Preliminary data show the nation’s nuclear power plants produced a record 786.5 billion kilowatt-hours of electricity in 2004, surpassing the previous high of 780 billion kwh in 2002.
And nuclear plants are extending their lives.
Thirty reactors received 20-year license extensions, 18 reactors have filed for license renewals and another 22 are likely to seek renewal in the next six years, the NEI reports.
Three industry consortia have applied to the Energy Department to design and test new nuclear power plants, although they have not committed to build one.
Globally, India has 14 reactors and is planning to add 24 more. South Korea has 19 and has plans for another eight, while China — which has nine reactors — is proposing to build 18 more. Mexico is seeking to reactivate its nuclear energy program.

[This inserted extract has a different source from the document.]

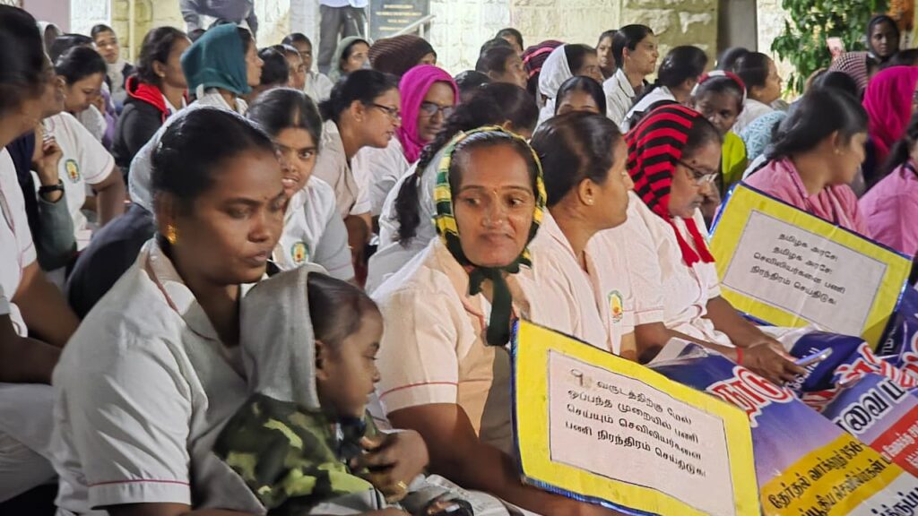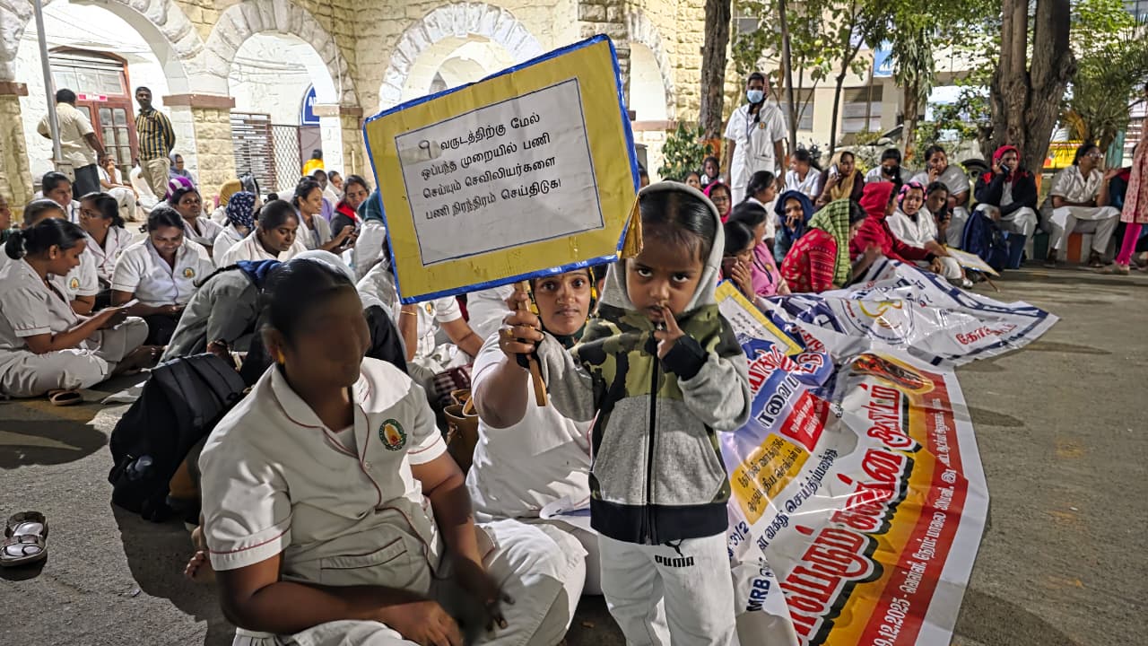 மேலும், தேர்தல் காலத்தில் தி.மு.க அரசு ஆட்சி அமைந்ததும் அனைத்து செவிலியர்களையும் பணி நிரந்தரம் செய்வோம் என வாக்குறுதி அளிக்கப்பட்டதாகவும், ஆனால் ஆட்சி அமைந்து நீண்ட காலம் ஆகியும் செவிலியர்களின் கோரிக்கைகள் நிறைவேற்றப்படவில்லை என்றும் அவர்கள் குற்றம்சாட்டினர்.

Responding to this bullish outlook, Cotter plans to hire more workers this year, bringing its work force to 157. Still, U.S. production won’t be enough to satisfy demand.
At the height of the nuclear arms race in the 1960s, the Atomic Energy Commission was paying approximately $40 a pound for yellowcake, making uranium mining and milling a profitable business. Until 1968, only the federal government could buy or sell uranium, then designated as a strategic mineral.
In 1968, the U.S. market was deregulated by Congress so that uranium could be bought and sold in the open market. Buoyed by demand from nuclear power reactors, the price of yellowcake jumped to $50 a pound by the late 1970s; however, it slid dramatically in the following years, falling to about $9 a pound in 2001.
The decline in uranium prices was the result of a couple of factors. The meltdown at the Three Mile Island reactor in Middletown, Pa., in 1979 and the 1986 explosion at the Chernobyl plant in what is now Ukraine stunted the growth of new nuclear power plants across the United States.
In addition, the end of the Cold War stopped the nuclear arms race. The United States and Russia agreed to dismantle their nuclear stock piles, and the domestic market saw a supply glut.